And If it's that easy to disable the RAp.. I'm so doing it...

Thanks a ton StreetRod...
-Axial32(Tyler)
 






I was thinking about swapping my 4.0 for a 5.0, but yall almost have me talked out of it with these problems. I may instead either upgrade or leave my 4.0 stock. Good luck with the wiring problem. Wish I could help you out but I dont have a clue about the wiring.
 






Ahh he'll get it sorted out then you'll have a good write up to follow.

There are options for electronics other than stock stuff, kinda depends on what you want to spend. A carburated swap would also be easier but might not be practical or legal for a street truck...
 






Actually I really wanted to do a carburated setup.. I have an intake and distrib utor... Just I couldn't afford the four barrel carb.
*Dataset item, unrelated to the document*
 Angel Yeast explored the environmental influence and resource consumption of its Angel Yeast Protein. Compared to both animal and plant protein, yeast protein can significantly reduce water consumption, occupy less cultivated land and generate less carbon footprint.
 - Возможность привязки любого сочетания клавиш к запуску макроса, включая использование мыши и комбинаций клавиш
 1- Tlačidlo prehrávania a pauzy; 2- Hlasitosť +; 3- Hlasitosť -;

And ignition box that I wanted...
I would've been fine legality wise... And functionality would've been fine..
That'll all come later once I'm settled here at school...
 






carb & trans

Switching from fuel injection to a carb might be simpler but would be settling for less performance. Racers switched to fuel injection to get improved performance and better fuel economy. A carbureted dragster that only runs WOT might have comparable performance to a fuel injected one but typically for all other vehicles carbs just can't keep the air/fuel ratio at the optimum value for different engine temperatures, intake air temperatures, engine load and engine rpm.

I guess it may be possible to retain your 4R70W electric shift transmission with a carbureted engine by retaining the PCM and just eliminating the fuel injectors but I suspect there would be problems. The O2 sensor outputs would not correlate with the PCM generated fuel injector pulse width and the PCM would probably revert to open loop. Without a TPS on the carburetor the PCM would not be able to determine driver demand and would upshift and downshift the transmission at less than optimum times.
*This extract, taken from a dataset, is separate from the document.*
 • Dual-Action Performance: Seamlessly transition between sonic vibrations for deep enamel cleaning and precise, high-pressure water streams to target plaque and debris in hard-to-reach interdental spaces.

I think the best approach is just to get your electrical problems resolved. Millions of Explorers have been manufactured with the 4R70W and the 5.0L engine. It's just that none of them were a Sport.
 






actually if you watched trucks this week they used a TCM stand alone aftermarket transmission module on project rolling thunder which could also control the 4r70w if you went to carburetor


but why you wouldn't want EFi is beyond me
 






actually if you watched trucks this week they used a TCM stand alone aftermarket transmission module on project rolling thunder which could also control the 4r70w if you went to carburetor


but why you wouldn't want EFi is beyond me

Heck yes I watched Trucks this weekend,>!!:D I watch the PowerBlock EVERY weekend...

I am staying with the EFi, though of the problems...

If I would've gone carb.
I would've been for sure the first I've seen carb. 302 explorer sport.
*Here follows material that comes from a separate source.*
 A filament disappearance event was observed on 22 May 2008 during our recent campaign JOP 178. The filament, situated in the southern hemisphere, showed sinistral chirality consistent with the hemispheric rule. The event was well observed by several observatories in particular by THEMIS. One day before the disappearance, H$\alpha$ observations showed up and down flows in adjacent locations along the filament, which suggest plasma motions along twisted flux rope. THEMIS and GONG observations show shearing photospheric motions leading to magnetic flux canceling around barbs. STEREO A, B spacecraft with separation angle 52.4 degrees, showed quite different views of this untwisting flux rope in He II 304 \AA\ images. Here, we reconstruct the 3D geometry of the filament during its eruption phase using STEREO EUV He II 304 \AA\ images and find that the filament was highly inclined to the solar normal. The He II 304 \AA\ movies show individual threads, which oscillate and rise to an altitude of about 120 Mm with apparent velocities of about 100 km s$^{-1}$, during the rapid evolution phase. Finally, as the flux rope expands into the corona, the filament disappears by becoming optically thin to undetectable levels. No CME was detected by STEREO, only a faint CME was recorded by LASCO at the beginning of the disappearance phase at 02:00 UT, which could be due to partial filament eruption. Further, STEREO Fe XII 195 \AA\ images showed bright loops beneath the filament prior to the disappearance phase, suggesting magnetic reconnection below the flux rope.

If anything I would want to get a roots style twin screw supercharger for the 302 later down the road.. since I have tons of hood/capartment space.

I move into my appartment tomorrow... I'm here in Indiana at an aunt and uncles' house... I'll be headed back to home right after the move in, so I can get the problem worked out and have my own vehicle for school.
 






Well I'm home... went out and cut that wire.. the lightgreen w/purple stripe... still nothing.. here's a pic of the module in the rear quarter and if you look you can see my cut wire.

23r0wy.jpg


So... there's still no crank from the key ignition, and no spark when key is in run with relay jumped.
 






anti-theft relay

Did you find the anti-theft relay in the relay module?

Did you check for battery voltage on the red/light blue wire connected to the anti-theft relay when the ignition key is in start? If battery voltage is not there then check fuse 24 in the interior fuse panel. If fuse 24 is good then check for battery voltage on the red/light blue wire between fuse 24 and the ignition switch when ignition switch is in start.
 






Did you find the anti-theft relay in the relay module?

Did you check for battery voltage on the red/light blue wire connected to the anti-theft relay when the ignition key is in start? If battery voltage is not there then check fuse 24 in the interior fuse panel. If fuse 24 is good then check for battery voltage on the red/light blue wire between fuse 24 and the ignition switch when ignition switch is in start.

Umm... I didn't know that I was suppose to find a anti-theft relay in the relay module? All I did was find the wire you said I needed to and snipped it.

OK, so I need to have the key in the run or hold it in crank position??

And how would I go about finding this anti-theft relay in the relay module, and how would I get a reading on the single wire?? Do I just ground the negative on the testor.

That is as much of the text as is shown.